Unfortunate tragedy. Tragedy can strike in the form of a serious illness or hospitalization without adequate insurance. It could be abandonment by a spendthrift marriage partner, the result of a natural disaster, or a major financial loss beyond our control.

Here are 10 simple points for getting control of your finances.

1. Learn all you can about biblical money management and practice what you learn. Read books, attend seminars, talk with those who know what’s going on.

2. Pray for God’s wisdom and blessing in your life.

3. Ask God to transform your heart from selfishness to love. Focus on helping others.

4. Get organized. Develop a budget; have a plan.

5. Spend less than you make. Live within your means.

6. Save a little every pay period. Start with only $50. Practice delayed gratification.

7. Get out of debt, and then avoid it like AIDS. Interest is one expense you can live without. And no investment is as secure as a repaid debt.

8. Be a diligent worker.

9. Be faithful to God in tithes and offerings. God has promised many blessings to those who are financially faithful.

10. Remember: this world is not our home.

We won’t take any material thing from this earth to the next (1 Tim. 6:6, 7), but we can send it on ahead (Matt. 6:19-21). We Christians have some real inside information: we know that this world will soon be destroyed and everything on it burned up (which will reduce its value considerably). But that which we have stored up in heaven by helping others and advancing God’s cause will be safe for eternity.

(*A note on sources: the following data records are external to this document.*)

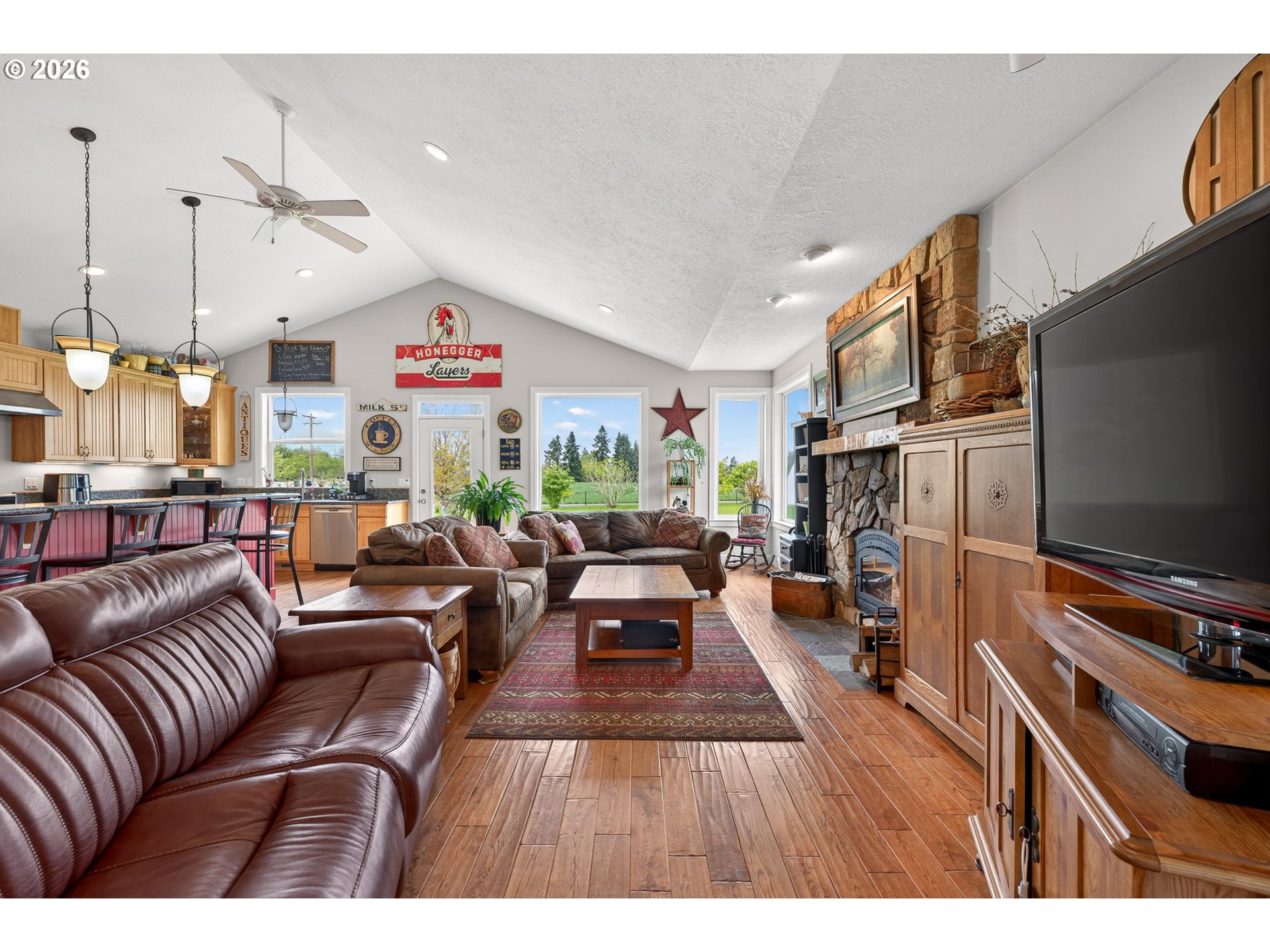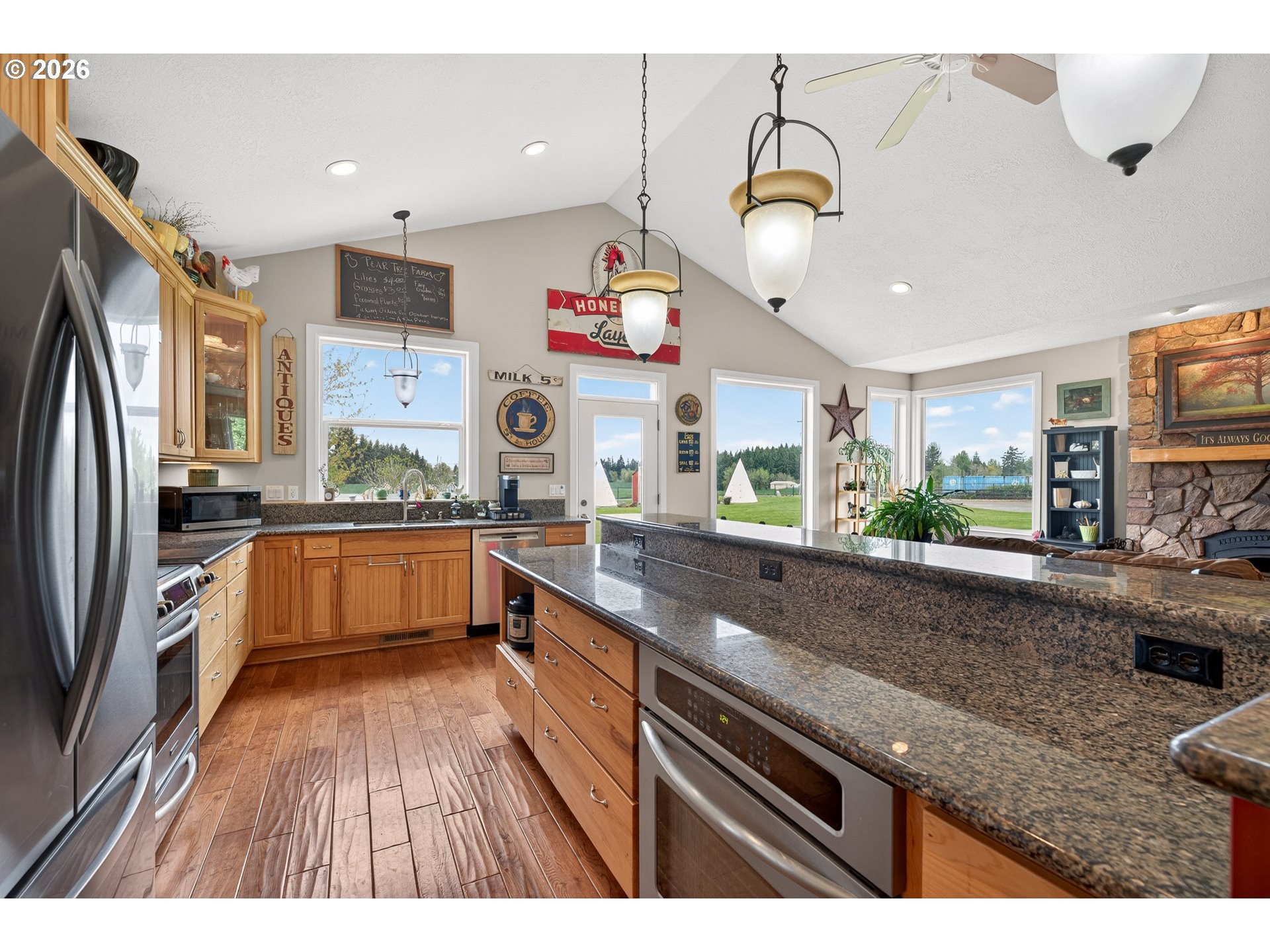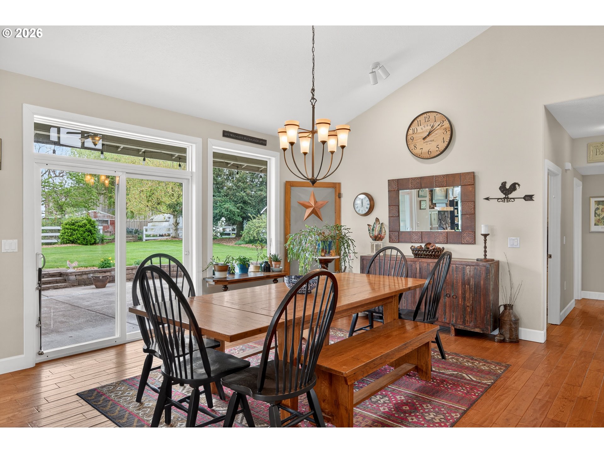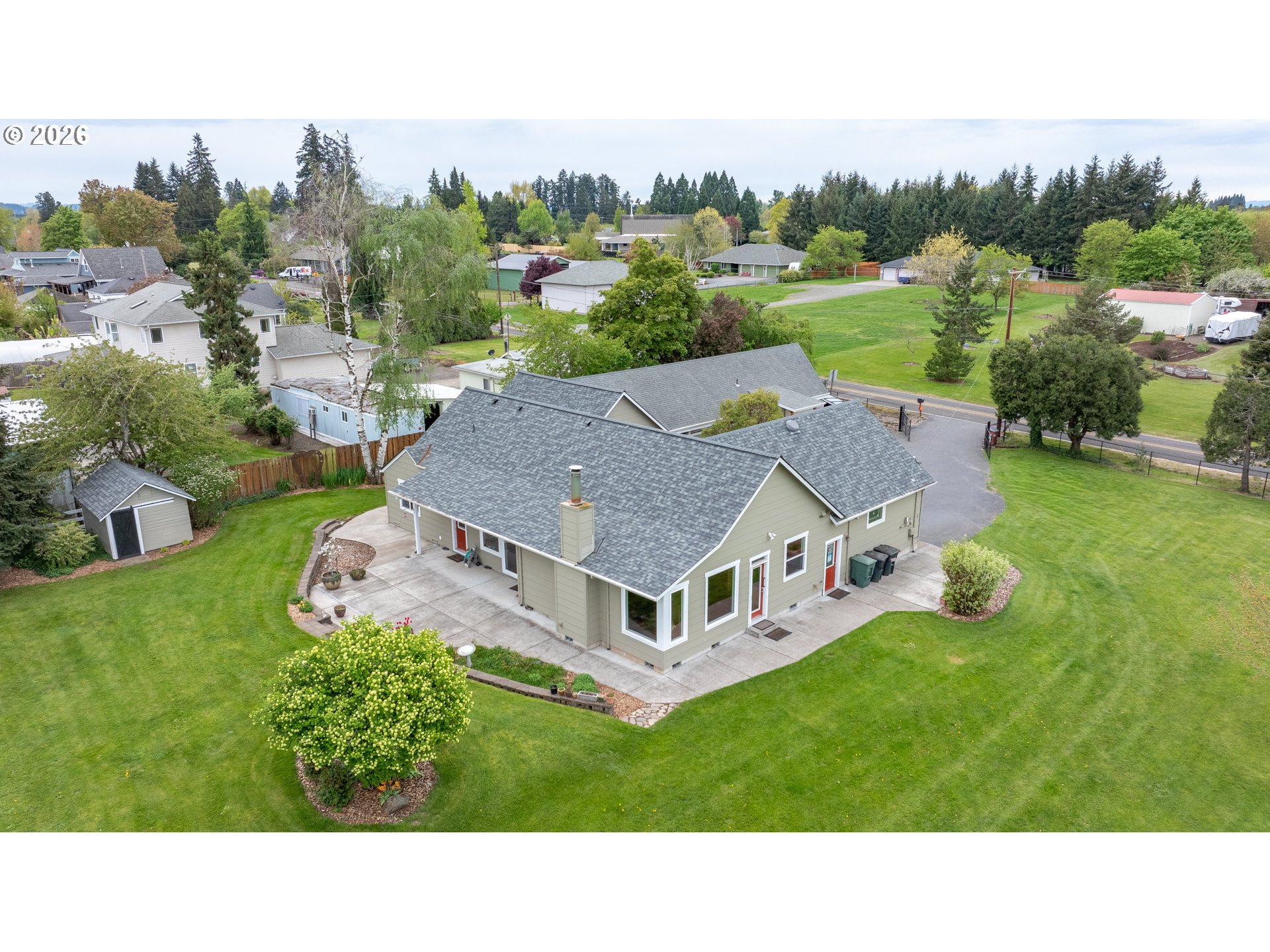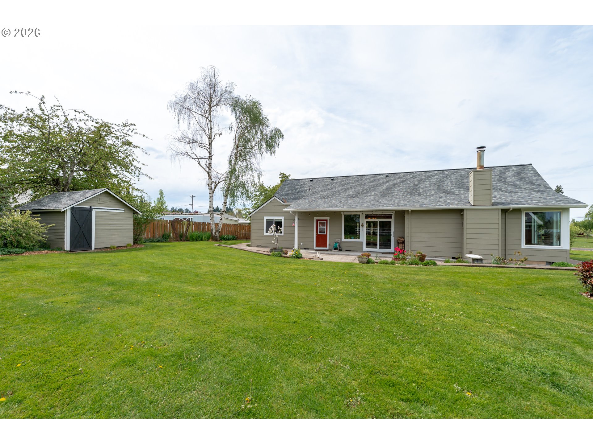 Welcome to this stunning 3,720 sq ft property offering 6 bedrooms, 4.5 bathrooms, and 2 private guest suites ideal for multi-generational living, extended stays, or potential mid-term rental income all set on 1.74 fully fenced acres. A ramp entry enhances accessibility, while beautiful hardwood floors, granite countertops, and a spacious kitchen with abundant storage and a center island create a home that is both functional and inviting. Thoughtfully designed, the two suites offer a true retreat! Each featuring vaulted ceilings, private decks, and spa-like bathrooms with heated floors and roll-in showers, all built with accessibility and comfort in mind. Outside, the property transforms into an entertainer’s and hobbyist’s dream. A barn with hay loft and RV hookups, a large shop (formerly an auto body space), and an attached caretaker’s cottage with its own electrical meter provide endless flexibility. Additional features include a garden shed/pump house, RV/camper pad with wood shed, and a charming playhouse with electricity. The grounds are equally impressive, with two lighted teepees surrounding a fire pit, mature fruit trees, a blueberry patch, a variety of grapes, a large garden area, and a chicken coop. A sprinkler system services most of the acreage, and secondary gated access adds convenience and ease. This is a rare opportunity to own a property that offers space, versatility, and lifestyle, all in one. Must give 24 hours notice to view suite with tenant. The 2nd guest suite is unavailable for showings. Both guest suites are identical. Both tenant leases are ending at the end of June.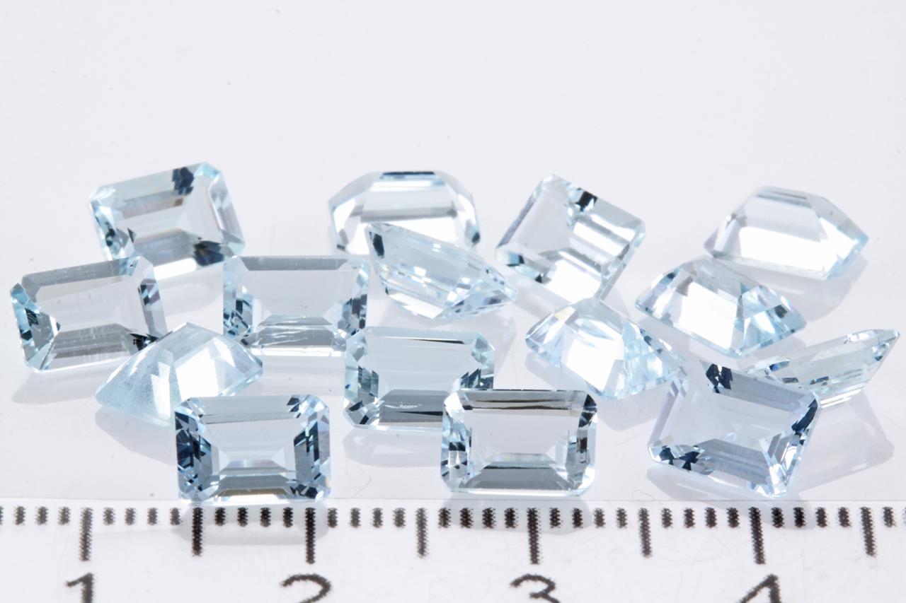 A loose parcel of 15 emerald cut Aquamarines totalling 12.94cts. Approximate size 7mm x 5mm. (New)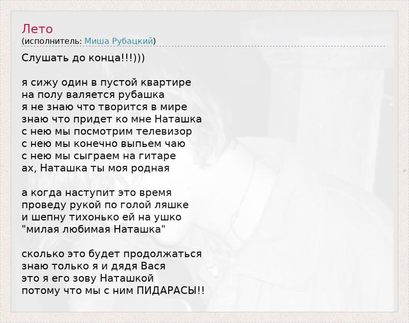 Слушать до конца!!!))) я сижу один в пустой квартире на полу валяется рубашка я не знаю что творится в мире знаю что придет ко мне Наташка с нею мы посмотрим телевизор с нею мы конечно выпьем чаю с нею мы сыграем на гитаре ах, Наташка ты моя родная а когда наступит это время проведу рукой по голой ляшке и шепну тихонько ей на ушко "милая любимая Наташка" сколько это будет продолжаться знаю только я и дядя Вася это я его зову Наташкой потому что мы с ним ПИДАРАСЫ!!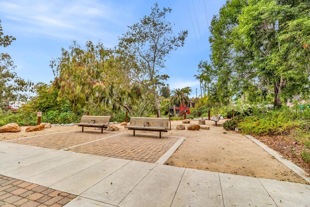 Incredible jewel in the heart of San Diegos best neighborhood - Mission Hills! This one bedroom, one- and one-half bathroom has a balcony overlooking a mini-park and trailhead to the Mission Hills canyon trail. The complex is quant and safe with a front gate and only 10 total units. Large den off the kitchen provides a private space away from main living room, perfect for a home office or separate dining area. Overhead lighting. Naturally cool unit with ceiling fans and a cross breeze throughout. Walking distance to many charming stores and restaurants and ½ mile drive to 2 grocery stores. Return home to your dedicated parking spot and utilize a private storage locker outside the front entrance. Bright kitchen with windows on two sides, dishwasher, stainless Steel stove, gas range and newer refrigerator. Full size in-unit washer and dryer. Laminate flooring throughout the with carpet in the bedroom. Pets allowed under 20lbs (2 max) $35/month pet rent ($55 for two) Credit score 775 and income 2.5x rental amount. Money Property Inc. DRE# 02067602 Apply online and please note that the application fee is non-refundable.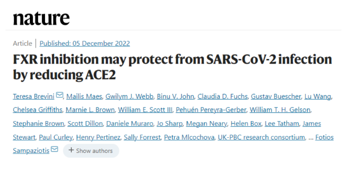 近日,英國劍橋干細胞研究所等團隊在Nature發(fā)表了題為 FXR inhibition may protect from SARS-CoV-infection by reducing ACE2 的文章。該研究顯示,熊去氧膽酸(UDCA)可以通過影響ACE2受體的表達,保護機體免于新冠病毒感染。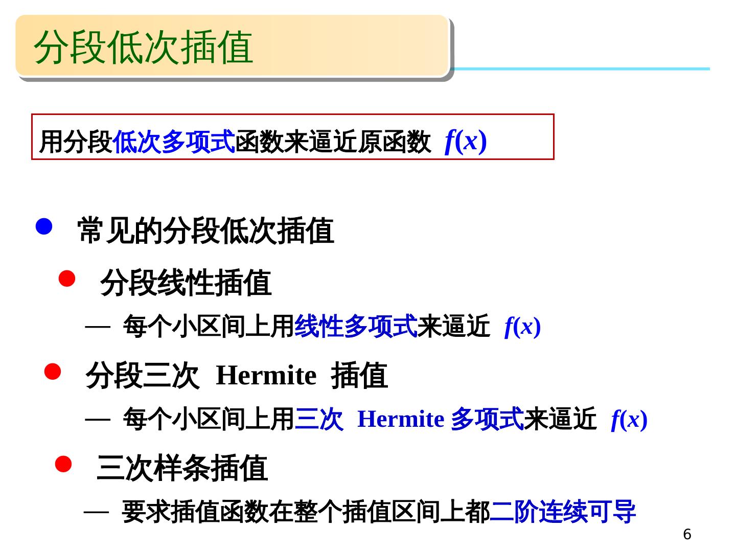 1 .1 第二章 函数 插值 — 分段 低次 插值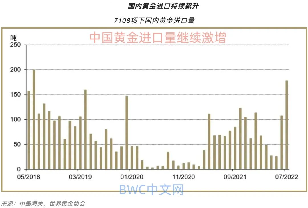 据世界黄金协会援引海关公布的数据显示,7月,中国黄金进口量达178吨,较上月大幅增加71吨,较上年增加111吨,是自2017年以来最高的7月进口量,这也使得今年前七个月,中国的黄金进口量达到567吨,明显高于近三年以来的平均水平,这反映了中国黄金交易近期强劲的黄金需求,2021年的黄金进口量为818吨,比2020全年的601吨增长36%。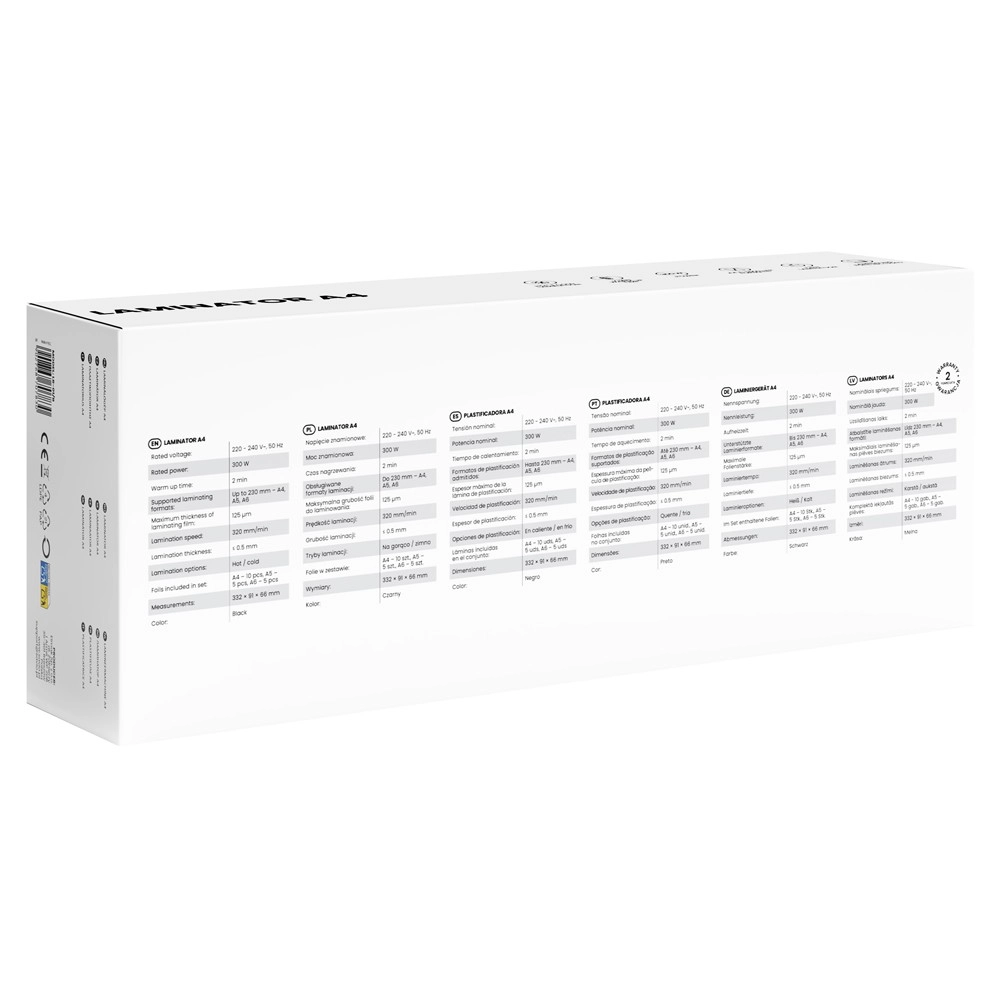 Il dispositivo si riscalda in soli 2 minuti e lamina a una velocità fino a 320 mm/min: un foglio A4 standard è pronto in meno di un minuto. La potenza stabile di 300 W aiuta a mantenere la temperatura ottimale per un’unione di qualità senza bolle. L’ampia apertura di 230 mm facilita il lavoro con i formati A4, A5 e A6.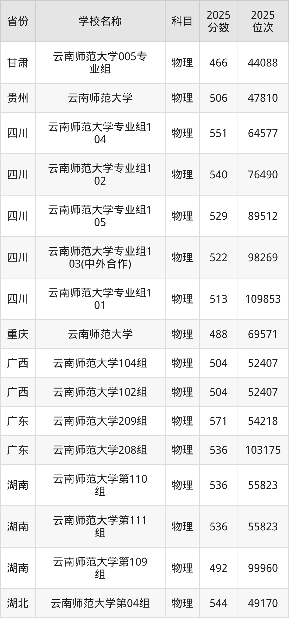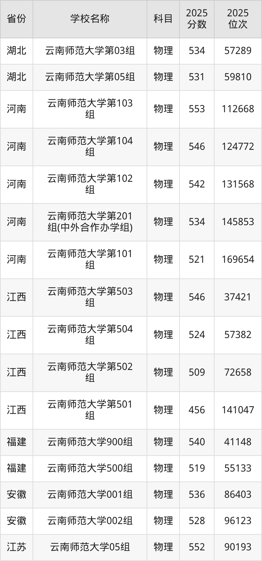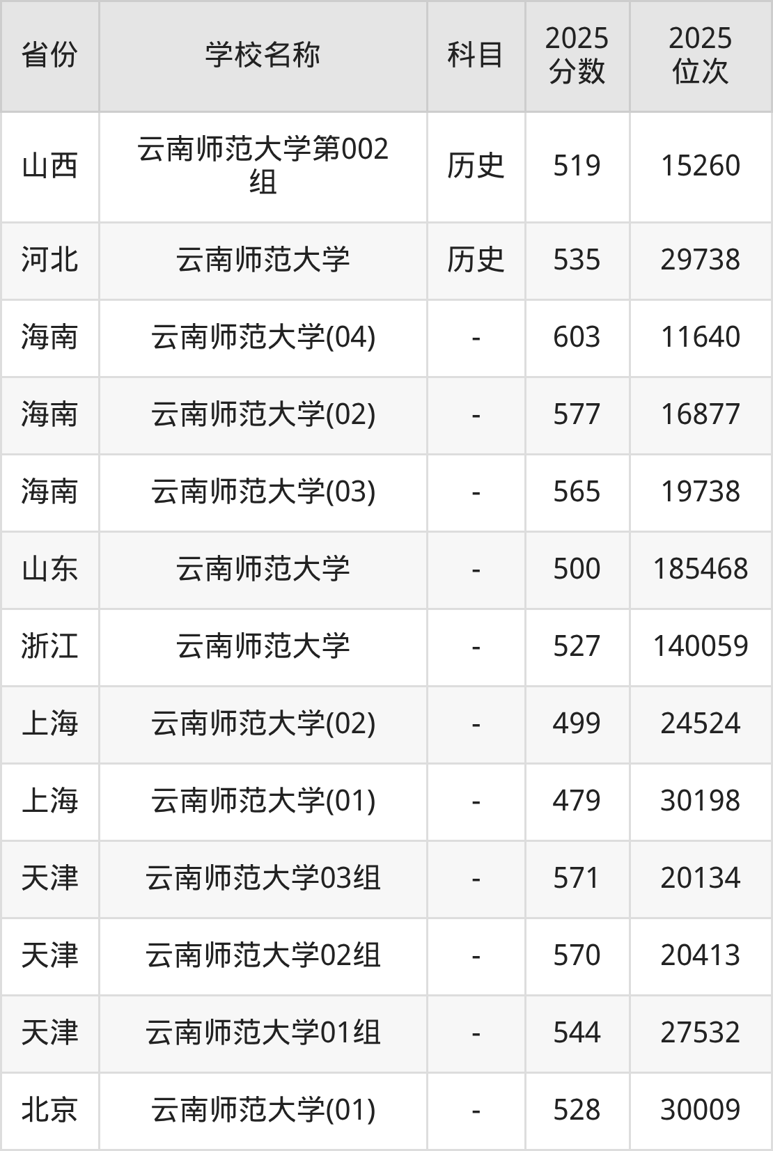 二、云南师范大学各专业录取分数线

We live in a world of uncertainty. People-even Christians-have lost millions in fraudulent schemes and in what seemed to be legitimate investments. One simple, fundamental rule of investing should never be forgotten: the greater the return being offered, the greater the risk. That’s always the case.

Ellen White wrote: “The parable [of the talents in Matthew 25] applies to the temporal means which God has entrusted to His people” (Testimonies for the Church, vol. 1, p. 197). Let us so live and manage that when our Savior returns we can hear those awesome words “Well done, good and faithful servant; you were faithful over a few things, I will make you ruler over many things. Enter into the joy of your Lord” (Matt. 25:21, NKJV).